Nat Wolpert: NGA provides data to first responders

For first responders to natural disasters, information is their most important commodity. Data about local infrastructure, sources of supply, roads and terrain....

Natural disaster first responders are the people who arrive on scene before anyone else, ready to offer aid to those who need it.

But even before those boots are on the ground, the analysts at the National Geospatial Intelligence Agency are working to provide data to help responders assess damage, locate victims and also keep them safe and informed about the area of emergency.

Speaking with Federal Drive  with Tom Temin, NGA Senior Analyst Nat Wolpert said NGA’s disaster assistance relief program provides this geospatial data during domestic and international events such as earthquakes, floods and tsunamis.

Geospatial means “taking layers of information, spatial layers of information for decision-making purposes,” Wolpert said. “One of the things that we can do is combine a lot of different layers to tell us where the best place is to send supplies or tell us” about areas of impact where responders need to send in search and rescue personnel.

”Those type of [problems] are being solved with this tradecraft, this expertise,” Wolpert said.

Wolpert said NGA takes it cues domestically from the Federal Emergency Management Agency — ultimately the Homeland Security Department — and internationally from the Office of U.S. Foreign Disaster Assistance, which is under U.S. Agency for International Development.

“There’s a good mix between domestic and international,” Wolpert said. “We stay involved. And the times we’re not activated for disasters, we’re getting ourselves ready for the next big event.”

The program is comprised of about 30 analysts. NGA has been offering this type of data assistance since 1992, after Hurricane Andrew, and became more publicly visible after Hurricane Katrina in 2005.

Recently, NGA was able to help with disaster assistance after the April 2015 earthquake in Nepal.

The 7.8 magnitude quake was what Wolpert called a “no notice event,” and it happened in a region without a lot of connectivity and infrastructure to access geospatial data.

“It’s very important because you’re getting access to areas that don’t necessarily have a lot of information coming back and forth,” Wolpert said.

One area in the Langtang Valley was rumored to have been hit by landslides after the quake, Wolpert said.

“When we were able to get imagery over that area we quickly realized that this area was heavily impacted, these people were severely cut off and needed a lot of help,” he said. “We were able to produce products that showed the impact to those areas, get that information to OFTA, to the NGOs on the ground, to as many people as we could, and the information was able to provide support to those people and get them quickly back on their feet.”

NGA also worked to provide disaster assistance during the Ebola crisis.

Wolpert said NGA took the lead for providing imagery that showed the locations of Ebola treatment centers.

“Ebola was the first instance where we set up a public-facing website where we got all the information that we’ve combined, gathered and got that out to the public,” Wolpert said.

Wolpert said NGA uses tools that are very similar to those that are “off-the-shelf” for commercial use, to produce the data used by first responders.

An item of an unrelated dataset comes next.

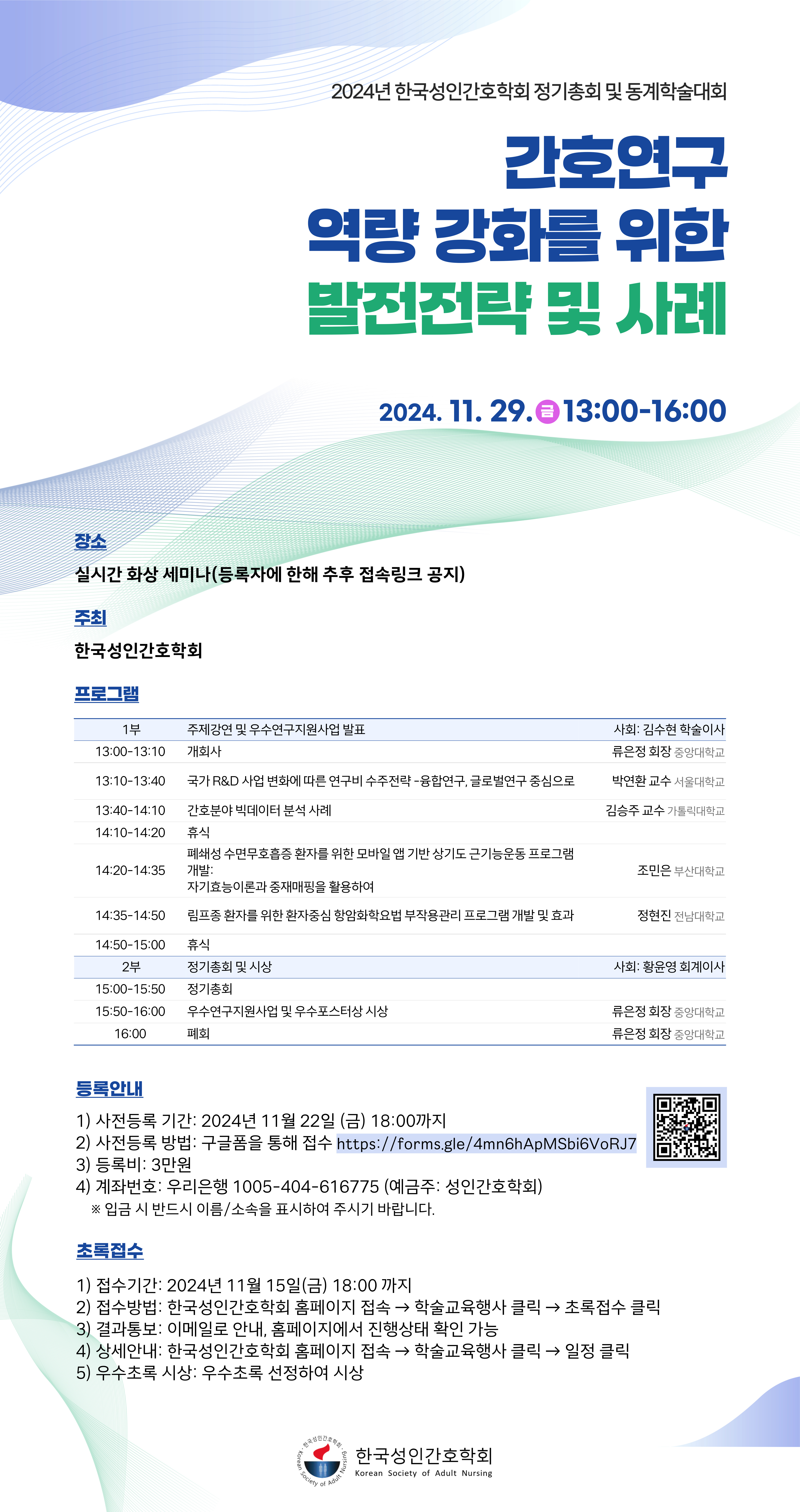 한국성인간호학회에서 2024년 동계학술대회를 개최합니다.

He offered Google as one example, and several other types of “exploitation and production software” to create this data.

NGA also has developed a platform called GeoQ, an exploitation software, which is a tool that allows NGA to access open source and unclassified imagery.

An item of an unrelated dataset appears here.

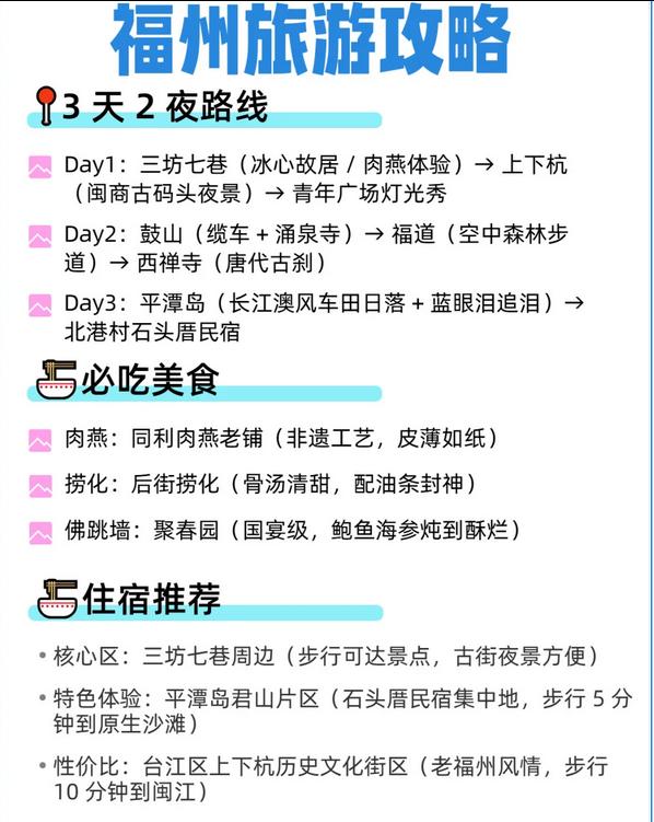 🔹 福州:在三坊七巷品尝肉燕,平潭追逐蓝眼泪|推荐同利肉燕|住宿建议在三坊七巷附近(逛古街方便)

“We can do this in a collaborative way where a community can digitize a specific area collaboratively, they can see each other’s work, they can pull from open imagery sources … to create this picture,” Wolpert said. “As we go forward we also want to share this with our partners so they can get in there and do it with us.”

The information is only taken, however, when NGA is supporting a disaster, Wolpert said.

“That’s the only time we’re taking this information, but when that does happen we have the agreements to go forth and try to take all this information and make the best use of it,” he said.

Wolpert said NGA has been working with FEMA to post to a portal, as well as developed an “event page” portal. This event page, Wolpert explained, includes NGA’s products, some access to imagery and points of contacts for a specific event.

The information is pushed out through something like a cloud environment, Wolpert said, but not directly from NGA’s own in-house environment.

“These servers are somewhat removed from our site but are built in a way that can be made accessible to many of our partners,” Wolpert said. “If we need to we can push to the public through other mechanisms such as the FEMA Cloud.”

Wolpert said analysts are looking at structures and before-and-after imagery, which helps show the extent of damage.

NGA is also expanding the sources for the images its uses, bringing in photos and videos from social media, and helicopter and airplane video, when conventional satellite imagery is not available or the quality of the images is not good enough, such as when a thick cloud cover after Superstorm Sandy obscured the view of damaged areas along the East Coast.

“We take all these sources, we create a derived map, which is just a fancy way of saying we take information that we get off the imagery, interpolate it onto a map that they can understand. We see the damage on the imagery, we digitize the area on a map, and get that information out to first responders so they can react to that information.”